J.M. v. Certas Home and Auto Insurance Company (18-001406)

The claimant was involved in an accident in 1997. She applied for a catastrophic impairment determination in 2007, which found that she did not meet the definition. She did not dispute the determination. In 2016 she submitted a new OCF-19 seeking a catastrophic impairment determination and sought payment for assessments in that regard. The insurer argued that the claimant was not entitled to seek a catastrophic impairment determination and that it was not required to pay for assessments because the 10 year period had expired. Adjudicator Hines concluded that the claimant was permitted to submit a treatment plan for catastrophic assessments, and that such assessments could be payable because such assessments did not fall under the medical/rehabilitation limits. However, she also concluded that the procedure in the 2010 SABS applied rather than the 1996 SABS, meaning that the claimant’s entitlement to such assessments was limited to $2,000 per assessment and that rebuttal reports were not payable by the insurer. Finally, Adjudicator Hines concluded that the insurer was not required to pay for the claimed assessments because they were not reasonable and necessary. The evidence suggested that the claimant remained quite functional and did not demonstrate an ongoing functional limitation that had developed between 2007 and 2017.
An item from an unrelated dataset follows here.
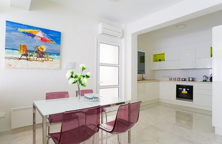 The villa is situated in a close gated complex near the sandy beach Coralli. There are 4 bedrooms in the house, 2 bathrooms, guest toilet. In the living room there is a huge folding sofa. Scavolini kitchen, full set of Miele appliances. Expensive Mitsubishi air-conditions, electric heating. The swimming pool is situated on the plot, the garden has fruit trees and other beautiful trees. There is a sea view from roof garden which can be perfect place for barbecue or jacuzzi area. The covered area of the house is around 186 m2, the uncovered area is 45 m2, the roof garden is around 39 m2, the plot is around 270 m2. Beautiful complex near the sea and sandy beach. There are children's playground, the play room, communal swimming pool, barbecue area, small gym, sauna and 24-hour guard Title Deeds ready.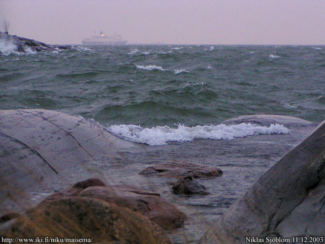 Helsinki: Kovan lounaistuulen aiheuttamaa merenkäyntiä kuvattuna Eteläisestä Uunisaaresta Kaivopuiston edustalta. (Vrt. 20.11.2003, 5.1.2004 ja 20.11.2004.)

Applicant v. Aviva General Insurance (17-007215)

The claimant sought entitlement to over $20,000 for multidisciplinary catastrophic impairment assessments. The insurer argued that the claimant had exhausted her medical benefits limits, that the proposed assessments were not reasonable and necessary, and that the assessment costs were in excess of the $2,000 limit. Adjudicator Grant held that the medical benefits limits did not apply to catastrophic impairment assessments, and that each assessment could cost up to $2,000. In order to be payable though, each proposed assessment had to be reasonable and necessary. He awarded the cost of the neurological, occupational therapy, psychiatry, and orthopaedic assessments. He rejected the claims for a file review and a medical document review, which should fall within the cost of each approved assessment.